Decisions are governed by preference that could be attained in a corrigible way. Actions are governed by rules that could be attained in a deferential way. Decisions are consequentialist, determined by preference looking at consequences, ignoring the local moral/epistemic state (this is updatelessness). Actions are deontological, determined by rules looking at local moral/epistemic state, ignoring the consequences (a kind of myopia).

If you are interested, here is Eliezer Yudkowsky's moral theory for AI:

  • Any policy that contains a state-action pair that brings a human closer to harm is discarded.
  • If at least one policy contains a state-action pair that brings a human further away from harm, then all policies that are ambivalent towards humans should be discarded. (That is, if the agent is a aware of a nearby human in immediate danger, it should drop the task it is doing in order to prioritize the human life).

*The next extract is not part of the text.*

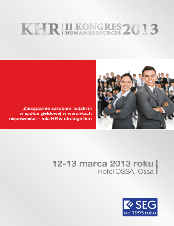 KHR II KONGRES HUMAN RESOURCES 2013 Zarządzanie zasobami ludzkimi w spółce giełdowej w warunkach niepewności – rola hr w strategii firm 12-13 marca 2013 roku Hotel OSSA, Ossa KHR II KONGRES HUMAN RESOURCES 2013 Szanowni Państwo, W imieniu Stowarzyszenia Emitentów Giełdowych mam zaszczyt zaprosić Państwa na II Kongres HR Spółek Giełdowych SEG, który odbędzie się w dniach 12-13 marca br. w Hotelu Ossa w Ossie k/Rawy Mazowieckiej. Tematyka tegorocznego Kongresu będzie dotyczyła aspektów psychologicznych w zarządzaniu kadrami a także ograniczania kosztów pracy poprzez zwiększanie efektywności. W dyskusji plenarnej wezmą udział najwybitniejsi eksperci i praktycy związani z tymi bardzo aktualnymi zagadnieniami. Będziemy mieli także okazję do zapoznania się z najnowszymi rozwiązaniami podnoszącymi efektywność pracy w czasie interesujących warsztatów tematycznych. Rozmawiać będziemy o metodach pomiaru efektywności, o trudnościach związanych z budowaniem zespołu, o dynamice zespołów menedżerskich a także o wielu innych, gorących tematach związanych z obszarem działań HR. Wydarzenia organizowane przez SEG zawierają nie tylko bogaty program merytoryczny, ale także aspekty integracyjne, które pozwolą na zacieśnienie współpracy pomiędzy osobami wykonującymi podobne obowiązki w różnych spółkach. Tym razem mamy przyjemność zaproponować Państwu profesjonalny Turniej Curlingowy, który pozwoli na nawiązanie doskonałych relacji pomiędzy uczestnikami Kongresu. Mając na uwadze wszelkie ograniczenia i trudności jakie stoją przed osobami zarządzającymi działami HR, jesteśmy przekonani, iż proponowany przez SEG program ułatwi Państwu rozwiązywanie wielu skomplikowanych spraw w codziennej pracy. Liczymy na Państwa udział w II Kongresie HR Stowarzyszenia Emitentów Giełdowych. Serdecznie zapraszam do udziału! dr Mirosław Kachniewski Prezes Zarządu Stowarzyszenie Emitentów Giełdowych Udział w Kongresie jest bezpłatny dla spółek należących do SEG. Spółki giełdowe nienależące do SEG mogą wziąć udział w Kongresie zgodnie z cennikiem zawartym w formularzu zgłoszeniowym bądź przystępując do Stowarzyszenia. Liczba miejsc jest ograniczona, decyduje kolejność zgłoszeń. Pierwszeństwo mają spółki SEG. Uczestnicy sami pokrywają koszt zakwaterowania. Formularz zgłoszeniowy należy wypełnić elektronicznie i odesłać do dnia 21.02.2013 roku, klikając w prawym górnym rogu „wyślij formularz” bądź przesłać wypełniony formularz na nr faksu: 22 628 75 99 do dnia 21.02.2013 roku. W sprawie członkostwa w SEG prosimy o kontakt z p. Joanną Bielecką pod numerem tel. (22) 826 26 89 bądź mailowo na adres: [email protected] Program Kongresu 12 MARCA (wtorek) 11.30 – 12.30 Rejestracja gości 12.30 – 13.30 Lunch 13.30 – 13.45 Otwarcie Kongresu Mirosław Kachniewski, Prezes Zarządu, Stowarzyszenie Emitentów Giełdowych 13.45 – 14.15 Wystąpienie Gościa Specjalnego Marzena Herzig, Psycholog Reprezentacji Polski Siatkarzy- Wicemistrzów Świata 2006 14.15 – 15.30 Dyskusja panelowa I: Znaczenie aspektów psychologicznych w zarządzaniu kadrami • psychologia motywacji • psychologia zmiany • typy psychologiczne, a dobór środków przekazu • dynamika zespołu menedżerskiego Prowadzący: Mirosław Kachniewski, Prezes Zarządu, Stowarzyszenie Emitentów Giełdowych Paneliści: Romeo Grzębowski, Prezes Zarządu, Extended DISC Polska Sp. z o.o. Artur Kaźmierczak, HR Consulting Director, PwC Justyna Kubicka-Daab, Director Leadership & Assessment, Amrop Krzysztof Ogonowski, Prezes Zarządu, BPI Polska Sp. z o.o. 15.30 – 15.45 Przerwa kawowa 15.45 – 17.00 Dyskusja panelowa II: Ograniczanie kosztów pracy poprzez zwiększanie efektywności • bezkosztowe formy podnoszenia efektywności • narzędzia zwiększania motywacji – praktyczne przykłady • praca tymczasowa a efektywność organizacji • motywowanie pracowników w czasie kryzysu Prowadzący: Dariusz Witkowski, Dyrektor Generalny, Stowarzyszenie Emitentów Giełdowych Paneliści: Jacek Czeladko, Prezes Zarządu, HR Partner Agnieszka Lechman-Filipiak, Partner, Radca Prawny, DLA Piper Wiater Sp. k. Andrzej Narkiewicz, Principal, Mercer Marsh Benefits Alina Smolarek, Dyrektor Personalny, Centrum Medyczne ENEL-MED S.A. Anna Wicha, Dyrektor Generalny, Adecco Polska 17.30 – 19.30 Drużynowy Turniej Curlingowy z cennymi nagrodami 20.30 Kolacja przy muzyce na żywo 13 MARCA (środa) 9.00 – 10.30 Pierwsza tura warsztatów w grupach* 10.30 – 11.00 Przerwa kawowa 11.00 – 12.30 Druga tura warsztatów w grupach* * szczegółowe informacje na temat warsztatów znajdują się w Formularzu Zgłoszeniowym oraz na stronie www.seg.org.pl www.seg.org.pl Stowarzyszenie Emitentów Giełdowych ul. Nowy Świat 35/5A, 00-029 Warszawa tel.: (22) 826 26 89, faks: (22) 892 90 91 e-mail: [email protected] www.seg.org.pl Partnerzy Partner Strategiczny Patroni Partner Technologiczny Patroni medialni

This policy optimizes for safety. You'll end up living in a rubber-padded prison of some sort, depending on how you defined "harm". E.g. maybe you'll be cryopreserved for all eternity. There are many things people care about besides safety, and writing down the full list and their priorities in a machine-understandable way would solve the whole outer alignment problem.

When it comes to your criticism of utilitarianism, I don't feel that killing people is always wrong, at any time, for any reason, and under any circumstance. E.g. if someone is about to start a mass shooting at a school, or a foreign army is invading your country and there is no non-lethal way to stop them, I'd say killing them is acceptable. If the options are that 49% of population dies or 51% of population dies, I think AI should choose the first one.

However, I agree that utilitarianism doesn't capture the whole human morality, because our morality isn't completely consequentialist. If you give me a gift of 10$ and forget about it, that's good, but if I steal 10$ from you without anyone noticing, that's bad, even though the end result is the same. Jonathan Haidt in "The Righteous Mind" identifies 6 foundations of morality: Care, Fairness, Liberty, Loyalty, Purity and Obedience to Authority. Utilitarian calculations are only concerned with Care: how many people are helped and by how much. They ignore other moral considerations. E.g. having sex with dead people is wrong because it's disgusting, even if it harms no one.

I mostly think of Eliezer's reply to Holden on "Tool AI" as missing the point (though it's a precursor to later arguments that make more sense). However, in this case, I think it's got a lot of stuff you might need to internalize.

Obviously, this approach would rule out a large number of use cases for AI wherein it may need to make things much better, but it risks hurting someone else. It is thus not a fully general solution, but it could be useful anyway for many other uses.

Another, more pressing problem is that a tool AI is likely to not be sophisticated enough to realize what the actual likelihoods its actions have to harm humans are. For instance, a language model can't conceive of  the harm its words could cause (assuming they actually advance enough as to pose actual danger.).

This seems more like something to make an AGI that acts like a tool AI. It could be interesting to attempt that if the time comes, but it seems to have that little disconnect. Giving extra capabilities to an AI in order to reduce the risk it does something unexpected seems like a plan with a reasonably high chance of failure.

For use on actual tool AI, it seems we would be stuck with whatever narrow rules humans can come up with for it, but 'harm' is very difficult to define in rules. (A utilitarian making the rules might very well argue that it would check to see if it caused negative utility to any humans, and that would be the definition of 'harm', but it is not widely agreed to, especially deontologically, and it still has the issue of not knowing the values of the people it is affecting.)

I do agree with the sentiment that it is better to have humanity itself be the risk case, rather than an alien intelligence we don't know how to deal with. (I am personally very skeptical that there is any real danger of super-powerful AI any time soon though.)